= Given information =
◇ ◇ ◇

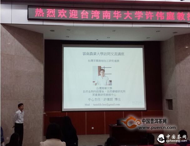 3月23日晚,臺灣南華大學(xué)許偉庭教授應邀為龍潤普洱茶學(xué)院師生作題為“臺灣茶葉栽培與加工研究進(jìn)展”的專(zhuān)題講座。
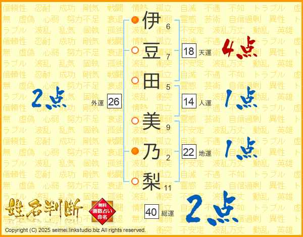伊(6画)豆(7画)田(5画) 美(9画)乃(2画)梨(11画)
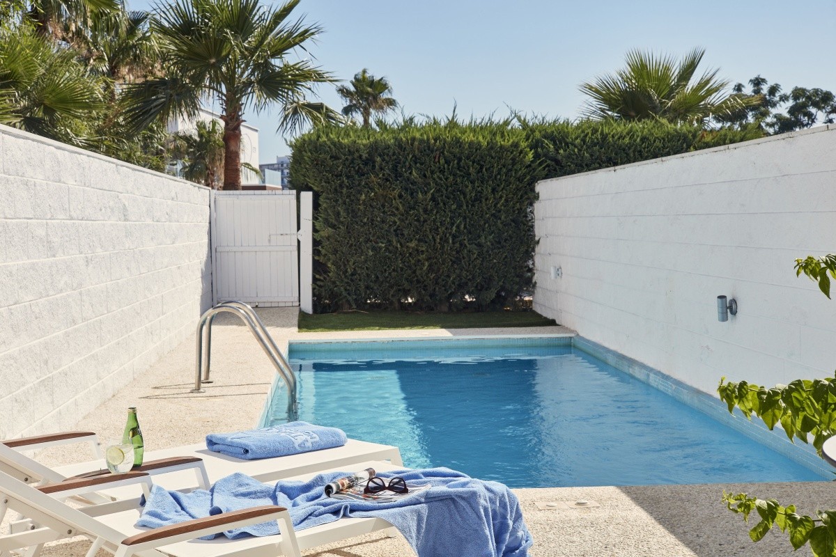 Moderně zařízená, prostorná dvoulůžková studia s možností přistýlky jsou vybavena sociálním zařízením (sprcha a vana, toaleta, fén), kuchyňským koutem (základní nádobí, chladnička, elektrická trouba, rychlovarná konvice, toustovač), telefonem, klimatizací, rádiem, satelitní TV, trezorem a balkonem nebo terasou s posezením. Prostornější suity s privátním bazénem a pokoje s výhledem na moře jsou k dispozici na vyžádání (za poplatek). Dětská postýlka a vysoká jídelní židlička je k dispozici na vyžádání (zdarma). WiFi na pokoji je k dispozici zdarma. Ubytování je nekuřácké.
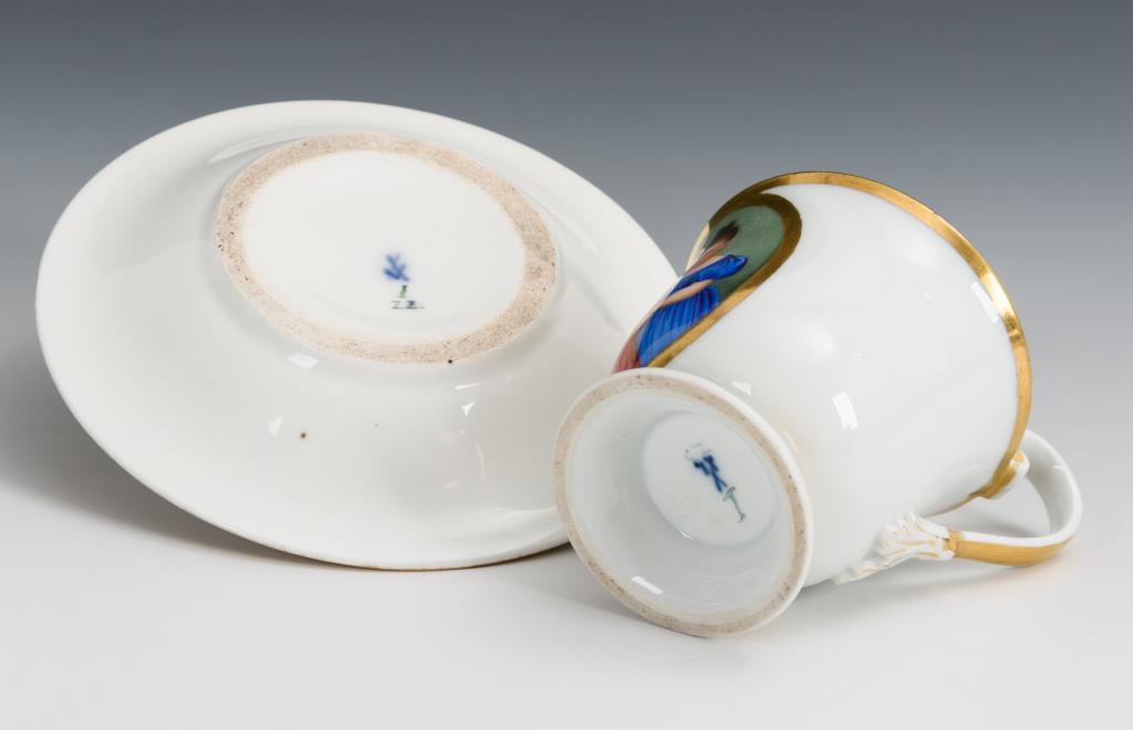 Polychrome Malerei, Goldstaffage.H Tasse 9,5 cm, Ø originale Untertasse 13,5 cm.

◇ ◇ ◇

= Directions for this task =
With the pictures removed, write out exactly the lines from the line containing "Moderně zařízená, prostorná" through the last line of the material above, both included.

= Answer section =
 Moderně zařízená, prostorná dvoulůžková studia s možností přistýlky jsou vybavena sociálním zařízením (sprcha a vana, toaleta, fén), kuchyňským koutem (základní nádobí, chladnička, elektrická trouba, rychlovarná konvice, toustovač), telefonem, klimatizací, rádiem, satelitní TV, trezorem a balkonem nebo terasou s posezením. Prostornější suity s privátním bazénem a pokoje s výhledem na moře jsou k dispozici na vyžádání (za poplatek). Dětská postýlka a vysoká jídelní židlička je k dispozici na vyžádání (zdarma). WiFi na pokoji je k dispozici zdarma. Ubytování je nekuřácké.
 Polychrome Malerei, Goldstaffage.H Tasse 9,5 cm, Ø originale Untertasse 13,5 cm.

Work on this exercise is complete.